Paper long abstract:
The prevalent narrative regarding coal depicts it as inherently unsustainable. However, in the Arctic town of Longyearbyen on the Norwegian archipelago Svalbard where I have conducted research, residents argue differently. The town was originally founded to extract coal, but now Longyearbyen’s economy is in transition from coal mining to tourism and science at the Norwegian government’s insistence. Furthermore, rather than burning locally-found coal for energy, the government has insisted the island imports diesel. This is in an attempt to make Longyearbyen a “showcase of sustainability” for the world. Yet simultaneously, there is a housing shortage in Longyearbyen, and the Norwegian government is pushing for the Norwegianisation of Longyearbyen’s population. Furthermore, residents cannot propagate crops and so food is imported. However, the Norwegian government has built the Global Seed Vault on Svalbard, which houses seeds from around the world in case of catastrophe, and tourists track non-native seeds, with many successfully germinating on Svalbard. Due to the dissonance between the state narrative and actions and local opinions and experiences, I wish to underscore the importance of examining who decides what is a desirable climate future, and who gets chosen to populate it. Through attending to local specifics, and seeking to explore contradictions, we can undo simplistic utopian narratives in regard to the creation of climate futures, and proffer solutions that make sense to a place and those that live there.

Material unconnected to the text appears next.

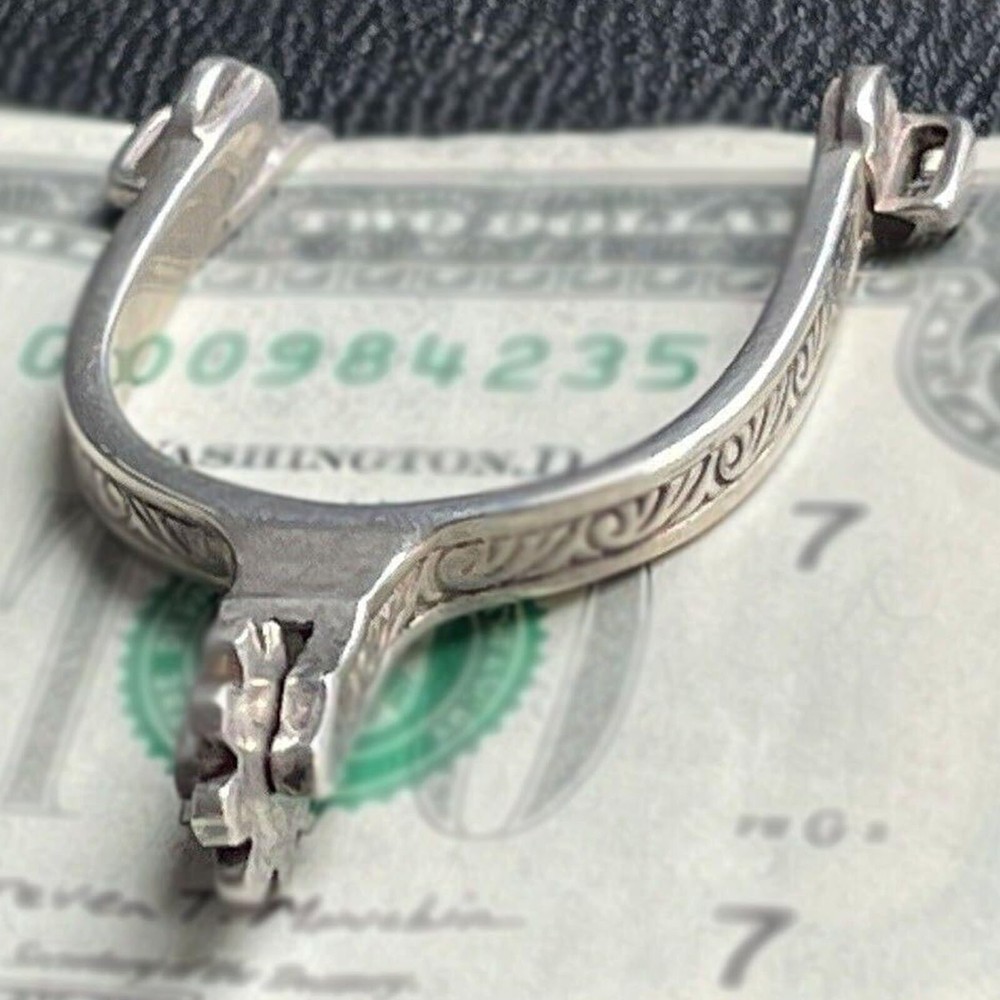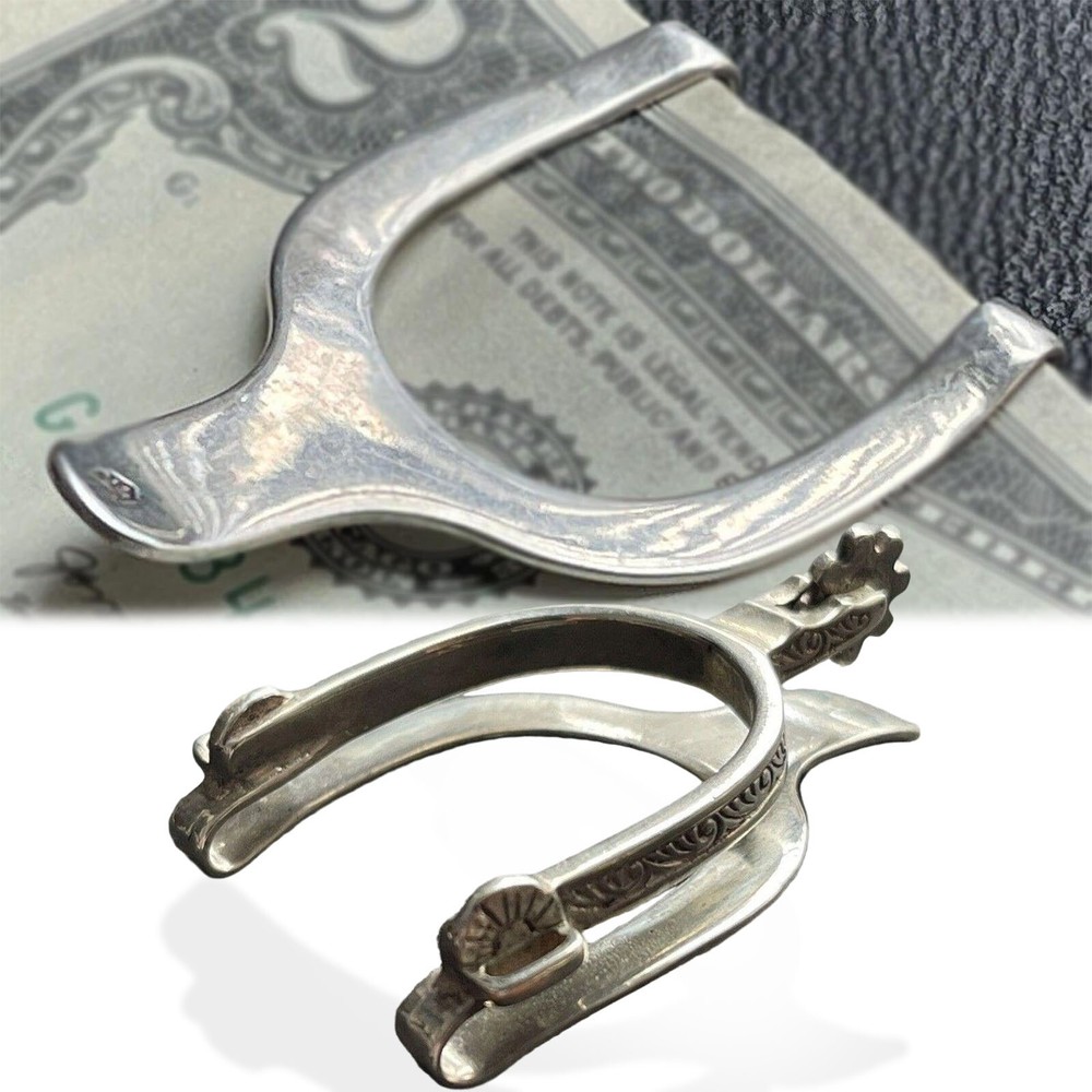 Features 1. Classic and minimalist: Our rare retro Western Spurs sterling alloy wallet is made of genuine sterling alloy. This wallet features a rare retro Western Spurs design and is a luxurious accessory for fashionable men. 2. Secure firmly: Each wallet has a secure and reliable grip, which can firmly hold your banknotes and credit cards in place, making them orderly, easy to access, and preventing accidental slipping. 3. This smooth wallet is of moderate size and suitable for placing in any pocket, securely holding cash, credit cards, and paper currency, making it a modern alternative to bulky wallets. 4. Convenient wallet: This alloy wallet can be used for almost any occasion. Whether you bring it to the office or a nightclub, it can keep your cash and cards organized. 5. The best gift for men: This alloy personalized carved wallet can be used for gifting or safekeeping. It is an ideal gift for fathers, husbands, brothers, friends, professional colleagues, or groom's officials. The perfect gift for Christmas, Valentine's Day, Father's Day, birthdays, graduation ceremonies, anniversaries, and weddings. Specification Material: Alloy Size: 5*3*1 cm Package Include: 1x Engraved Money Clip

For Longyearbyen, coal can be argued as part of a desirable climate future, contradicting dominant imaginings that paint a coal-free future.
Paper short abstract:
Oceans research is called upon to help guide environmental transitions towards cleaner futures. We explore two oceanographic research expeditions, with different epistemic foci, exploring how they perform complex (dis)engagements with potential environmental futures in their “ship” floor practices.
Paper long abstract:
Environmental transitions are simultaneously seen as major challenges and potential solutions for life in the anthropocene. With the current UN decade of ocean science, oceanographic research has been given a lead role in addressing these transitions. We ethnographically explore two oceanographic research expeditions, one geological and one biological, yet both concerned with doing and intervening in climate and environmental futures. During the geological research expedition, in the deep Atlantic, scientists studied the potential of deep sea canyons as natural laboratories for investigating sediment plumes similar to ones created in deep sea mining, as the deep sea is seen as the last frontier to extract rare minerals dubbed necessary for the clean energy transition. The biological expedition, off the coast of northern Scotland, tried to understand how almost-extinct biogenic mussel reefs can be transplanted onto the foundations of wind farms in the North Sea, a move to “rewild” it and thus induce increased ecosystem services (food for human consumption and larger CO2 uptake and burial). In our paper we contrast how epistemic differences onboard a research vessel perform multiple and complex (dis)engagements with potential environmental futures: The untold environmental disasters brought on by deep sea mining against the committed scientific work to mitigate damage; and the need to understand the ecology of rapidly disappearing ecosystems against the call to rewild them for further extraction by so-called ecosystem services. Rather than an uncompromising critique or a complacent testimonial, we suggest to embrace the epistemic, practical and political complexities of environmental futures.